As another example, dermoid cysts on the ovaries can hang around for a while before being caught, often in a person’s 20s or 30s, Dr. Greenberg says. It’s not uncommon for ovarian dermoid cysts to be found incidentally during an MRI or ultrasound for something else, Susan Khalil, M.D., an ob/gyn at Mount Sinai, tells SELF. (Because of the unusual tissue, they’re pretty easily identifiable on imaging tests, Dr. Greenberg says.)
Dermoid cysts are generally harmless. But if they get large enough or are in a certain spot, they can cause symptoms.
What those symptoms are depends on where the cyst is located.
Large dermoid cysts found in the neck, for instance, could put pressure on nearby structures in the throat, like the vocal cords or trachea, causing voice changes or trouble breathing or swallowing, according to Dr. Georgopoulos.
Dermoid cysts in the brain or along the spine can cause neurologic symptoms like weakness or headache, Dr. Colley says.

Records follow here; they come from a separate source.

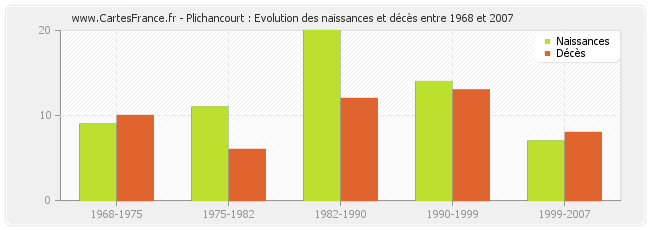 Plichancourt : évolution des naissances et décès de 1968 à 2007
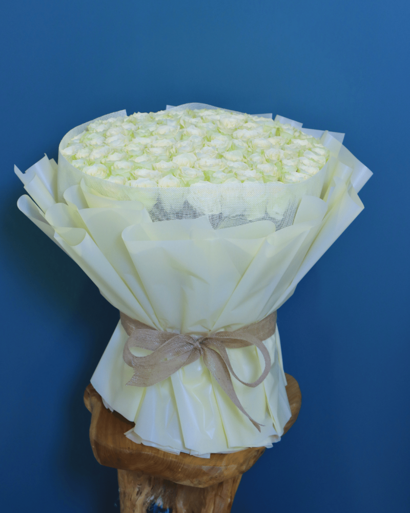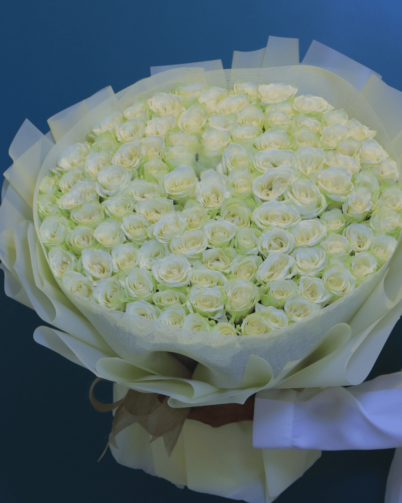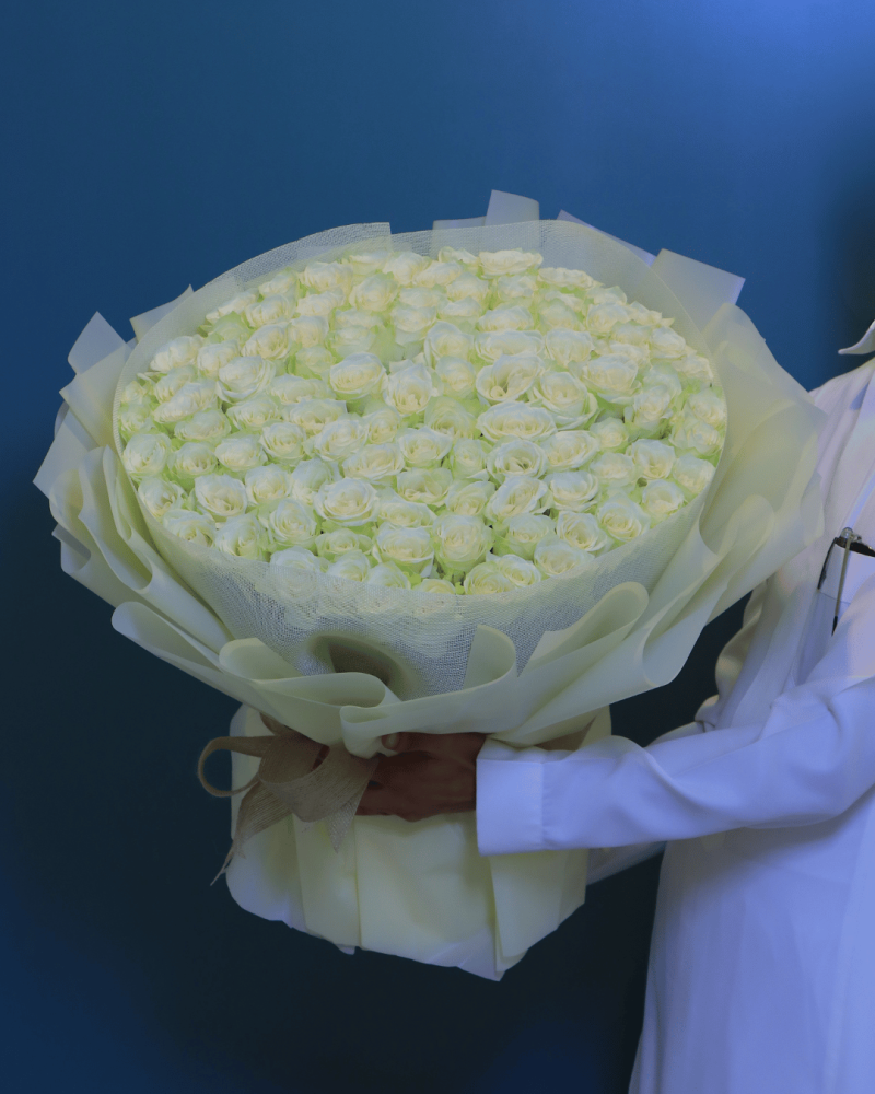 بوكيه فاخر يضم 100 وردة جوري طبيعية بتنسيق أنيق يعكس أرقى معاني الحب والرومانسية. تصميم مثالي للمناسبات المميزة وللتعبير عن المشاعر الكبيرة بأسلوب فخم ولا يُنسى.
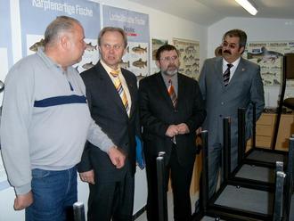 Einweihung des Jugendraumes, von links nach rechts: Sportfreund Udo Gudd als Vereinsvorsitzender, der Landrat des SHK Andreas Heller, der Abgeordnete der CDU im Thüringer Landtag und Ehrenmitglied des Kahlaer Sportanglervereines Wolfgang Fiedler, der Bürgermeister von Stadtroda (?)
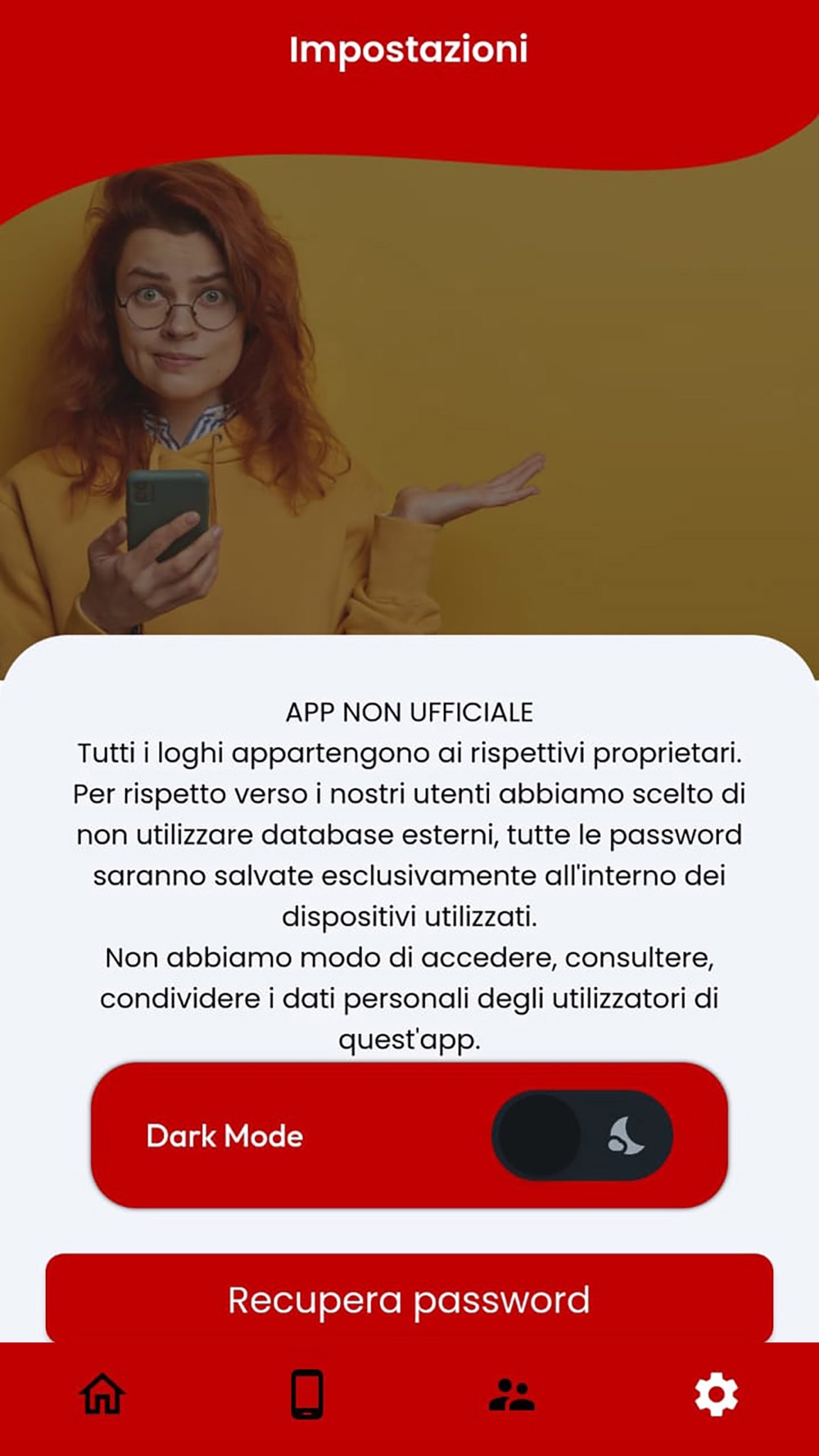 Le password saranno salvate solo sul tuo dispositivo, nessun dato sarà condiviso con database esterni, gli sviluppatori non hanno modo di accedere, vedere, modificare o condividere i tuoi dati.

And a dermoid cyst on an ovary can cause the organ to twist on itself like a kinked garden hose, Dr. Khalil explains. This is called ovarian torsion, and it can lead to symptoms like severe pain, nausea, and vomiting, according to the Mayo Clinic. Ovarian dermoid cysts can also rupture, potentially causing symptoms like intense pain and bleeding.
Whether or not a dermoid cyst is causing any symptoms, they are usually removed to prevent any trouble down the line.
Even if it’s not presenting any issues now, the cyst can continue to expand, Dr. Colley says, as well as produce debris like oil and skin cells. If the cyst is close to the surface, where bacteria could get in, there is also the potential for infection, Dr. Georgopoulos says. And once a cyst grows large or becomes infected, it typically becomes more difficult to remove, Dr. Colley says. So, if your doctor realizes that you have a dermoid cyst, they may recommend you have it surgically removed now to prevent possible complications in the future.
However, this depends on factors like the size of the cyst and where it is, and about weighing the costs and benefits of removing the cyst, Dr. Khalil explains. For instance, if someone has a smaller dermoid cyst on one of their ovaries, their doctor will need to determine if they can remove the cyst without removing the entire ovary or potentially affecting fertility, if that’s something that matters to the patient, in which case the doctor may opt for watchful waiting. So, if you have a dermoid cyst (or any cyst at all, really), a thorough discussion with your doctor can help you decide what to do.